According to both Diaz and Agustin Loredo, one of Librotraficante's representatives, this aide claimed her experience as the impetus for SB 1128, a piece of legislation submitted in the final week of the filing deadline. Instead of simply striking rock history -- or pop culture history, or technological history -- courses from such a required field, SB 1128 would instead limit the six credit hours of history required within public higher education to a "comprehensive survey of American history."'
As such, according to Librotraficante, the bill would consequently disallow any form of race or ethnic or gender histories from meeting these requirements. While the bill won't outright strike any Mexican- or African-American studies courses from universities's curricula, it will likely depress attendance in electives offered, as non-history students are shuttled to "comprehensive" courses.
"Look: I don't want any KISS fans to be mad at me," Diaz told Hair Balls Friday. "[And Patrick's aide] said she was stunned to find out that this bill could have that impact. ... Those are exact ripoffs of the bill we saw in Arizona. We've dealt with oppression like this before. This reeks of [Ariz. Gov. Jan] Brewer's perfume."
Patrick assures that there was no divisive -- no racial, no gendered -- move behind SB 1128. And, indeed, based on Patrick's legislative and oratorical history, the man has shied from any of the dog-whistle, xenophobic language that some of his colleagues have preferred.
He pointed to the original 1955 piece of legislation that required the six hours of education viz. American history, with an optional three hours directed toward Texas-centered history. This new bill, said Patrick, would simply reinforce the breadth of historical focus he believes was originally mandated in the 1955 law.
"We have passed legislation in the past that required, under law, that students should learn broad comprehensive history of our country," Patrick told Hair Balls. "But it would appear that this legislation's being circumvented."
Such a claim, however, doesn't jibe with the folks at Librotraficante. Pointing to the similarities within recent Arizona legislation dissolving ethnic studies -- a move that saw Librotraficante "smuggle" thousands of Latino texts across the Arizonan border -- Diaz and Loredo both confirmed that they would be monitoring, coalescing, and rallying as the bills move forward.
"Nothing will make Librotraficante budge from this -- SB 1128 must go away," Diaz said, noting that his representatives had already met with a handful of legislators and staffers in Austin. (An earlier post noted that Librotraficante's representatives were meeting with Patrick yesterday. The two did not meet.)
"We've seen what it did to Arizona, and we're not going to stand for it.
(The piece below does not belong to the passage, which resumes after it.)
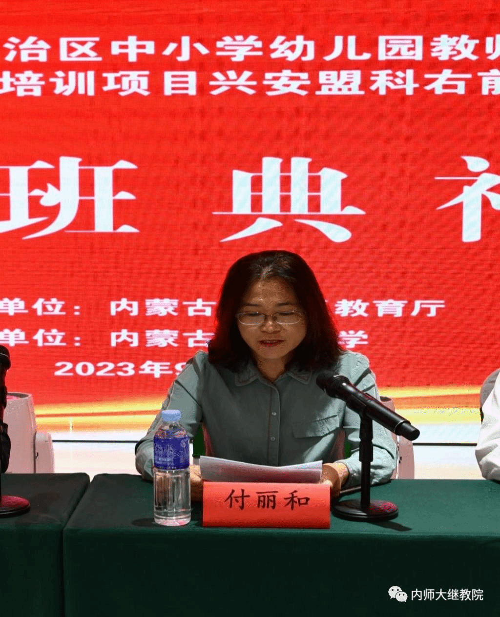 清风送爽,硕果飘香。9月17日上午,我校助力乡村振兴项目——“国培计划(2022)”内蒙古自治区欠发达地区农村学校“一对一”精准帮扶兴安盟科右前旗小学骨干教师培训在维也纳大酒店举行了开班仪式。本项目由自治区教育厅主办、6776永利集团承办、yl6776永利集团具体组织实施。兴安盟科右前旗教育局党组成员、副局长张静媛,我校yl6776永利集团副院长付丽和、高师培训中心主任高丽桃、培训部副主任陈毕力格、培训部教师薛佳琦以及科右前旗300位小学语文、数学、英语、道德与法治4个学科的骨干教师参加了开班仪式。

We won't let Texas become Arizona," he added. "Without a doubt, it's the same oppression."
Diaz, Loredo, and Patrick all pointed to a recent study put forth by the National Association of Scholars, a nominally nonpartisan think-tank dedicated to educational reform. (While NAS's mission statements point toward non-politicization, it's worth noting that the three highest-ranking officers all are or were affiliated with The King's College in New York, one of the more notably conservative universities in the nation.)
The report, which examined US history courses at the University of Texas and Texas A&M, determined that "all too often the course readings gave strong emphasis to race, class, or gender (RCG) social history, an emphasis so strong that it diminished the attention given to other subjects in American history." Among its 10 recommendations, NAS submitted that "[h]istorians and professors of United States history should counter mission creep by returning to their primary task: handing down the American story, as a whole, to future generations."
"I encourage people to look up the crazy report," Diaz said. "What people don't know is about NAS is that they're the intellectual Ku Klux Klan. They're famous for going after multicultural programs and gender studies."
Regardless of what happens with legislation moving forward -- if Patrick's fellow legislators see it as mere formality, or if Librotraficante is able to gather enough support to enforce the parallels between Texas and Arizona -- there's a certain strain, a certain offense, that Patrick's legislation seems to have set off.
"You're going to compare rock and pop and technology to the ethnic makeup of the country?" Loredo asked. "It's not the same. Not only are [non-history students] not exposed to what America is, but now you're putting them into a box. How much can you really delve into? How much American history can you learn in a semester?"